Most new investors don’t know that saving money and investing money are entirely different. Saving money ensures that it is usually available when we need it and that it has a low value-loss risk. You can save to build up an emergency fund, a rainy day fund, for your retirement, to go on a vacation, to buy a car or a house, etc. When we talk about investing, the first thing that comes to mind is money but, you can also invest time and effort. Investing usually has a long-term horizon and involves providing something with the expectation of obtaining a profit from it. You can invest time in learning a skill which will then generate you an extra income, you can invest in your financial education so you can afterward invest in the stock market or in real estate to begin making some serious money and begin your path to get out of the rat race. Before beginning your journey to build wealth and achieve financial freedom, you must know these fundamental concepts because it can save you from much stress.
Saving
Saving money typically ensures that when it is needed, it is available to use it right away. For example, if you want to save for your annual family vacation, you might like to set aside $3,000 in savings at the end of the year in nine months. You then know how much you need to save on a monthly basis and the ability to spend the money without any charge on that precious holiday.

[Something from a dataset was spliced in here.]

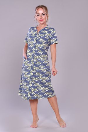Халат на пуговицах с коротким рукавом и рельефами. Борта переда отделаны планкой.

You can also save to deal with an urgent auto repair, an appendectomy in an emergency or sudden work loss. If the economy continues to slow down and you are at risk of losing your job, you should be fortunate if you have saved a great deal of money in your emergency fund to get through while you find a new job. If you are a mom, it is wise to put some money away as quickly as you can for your child’s college fund. By the year, university education is getting more expensive. Saving for a college fund will minimize the need to take out a costly student loan to pay tuition fees for your son or daughter. When they finish college without having to pay student loans, you’ll give them the best chance to raise money to buy their own house when the time is right.
Many of us won’t save enough to purchase a house straight away; therefore, you’re going to require a mortgage. In many cases, with a large deposit or down payment, better mortgage deals can be obtained. Such offers may include cash back incentives or reduced interest rates from your mortgage provider. These are available because your lower value loan often means that you are at a lower risk of lending money. Don’t wait to save. Time is your best ally when it comes to saving money and achieving your financial objectives. You can start by saving relatively a small amount of money but, with time, it will accumulate and make a difference in the future ensuring that you meet all your financial goals.
Investing
Many people say that investing is too risky. Risk comes from ignorance; therefore, if you want to reduce risk, you have to know in what you are investing in. For example, if you want to invest in real estate, I strongly advise you that you first invest some time in studying the subject to avoid making rookie mistakes. This applies to any type of investment. One strategy often used by some investors is to diversify to reduce risk. There is a famous phrase which says “don’t put all the eggs in one basket”. Diversification won’t protect you from an economic crisis. An upcoming strategy is to control and focus your money to generate cash flow. This means that the best investments do not depend on the economy. To make this clear I will give you an example. Imagine that you invest in real estate and you get several checks every month while a friend of yours invests in the stock market hoping that the value of his stock will go up so he can see a profit, no monthly check received. One day, the economy collapses and the value of his stocks drops to the ground while you are still receiving your juicy checks every month. That’s the real deal!
The number one regret of investors is that they didn’t start sooner. Even if you feel you are too young to begin investing do not underestimate your abilities. These days, we have all the information we want within the reach of a simple click. Educate yourself and begin gaining experience as soon as you can because time is your ally. Remember, a plan without action means nothing. So, if you really are committed to exiting the rat race, start learning and gaining experience to reach your personal and financial goals.